Based upon our assessment at the previous year end, management concluded that the Company’s internal control over financial reporting at November 30, 2007 was ineffective due to a material weakness identified by its external auditors in the preparation and review of the U.S. GAAP reconciliation to Canadian GAAP, specifically in respect to project expenditures capitalized or expensed under U.S. GAAP.

During the year, the Company addressed this material weakness by providing additional training and education for its accounting staff with respect to U.S. GAAP and consulted with external professional expertise on an earlier basis with respect to interpretation issues with U.S. GAAP. Management has concluded that the material weakness that existed at November 30, 2007 has been remediated during 2008.

ATTESTATION REPORT OF THE REGISTERED PUBLIC ACCOUNTING FIRM

          The required disclosure is included in the “Auditors Report” that accompanies the registrant’s Consolidated Financial Statements for the fiscal year ended November 30, 2008, filed as part of this Annual Report on Form 40-F.

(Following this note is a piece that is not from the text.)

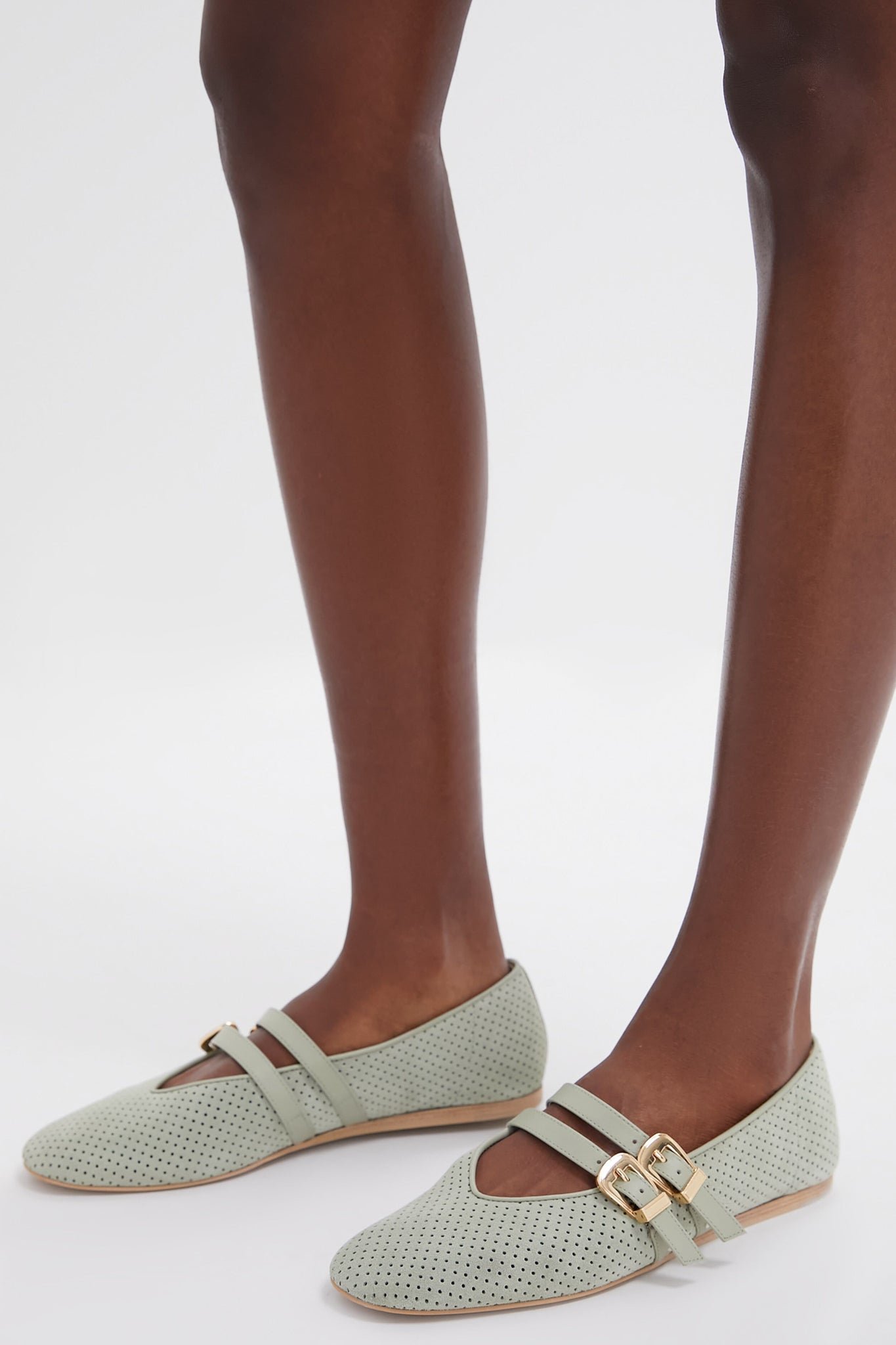 With a polished silhouette and a bold double buckle. the Jade Baylee Flat is romantic with a bit of edge. This dreamy flat boasts an airy perforated suede and neutral light green that will pair with just about anything in your closet!

CHANGES IN INTERNAL CONTROLS OVER FINANCIAL REPORTING

          During the period covered by this Annual Report on Form 40-F, no changes occurred in the Registrant’s internal control over financial reporting, except with respect to remediation efforts associated with the Company’s 2007 U.S. GAAP reconciliation material weakness discussed above, that has materially affected, or is reasonably likely to materially affect, the Registrant’s internal control over financial reporting.

          The Registrant’s management, including the Chief Executive Officer and Chief Financial Officer, does not expect that its disclosure controls and procedures or internal controls and procedures will prevent all error and all fraud. A control system can provide only reasonable, not absolute, assurance that the objectives of the control system are met. Because of the inherent limitations in all control systems, no evaluation of controls can provide absolute assurance that all control issues and instances of fraud, if any, within the Registrant have been detected. These inherent limitations include the realities that judgments in decision-making can be faulty, and that breakdowns can occur because of simple error or mistake. Additionally, controls can be circumvented by the individual acts of some persons, by collusion of two or more people, or by management override of the control. The design of any system of controls also is based in part upon certain assumptions about the likelihood of future events, and there can be no assurance that any design will succeed in achieving its stated goals under all potential future conditions. Because of the inherent limitations in a cost-effective control system, misstatements due to error or fraud may occur and not be detected.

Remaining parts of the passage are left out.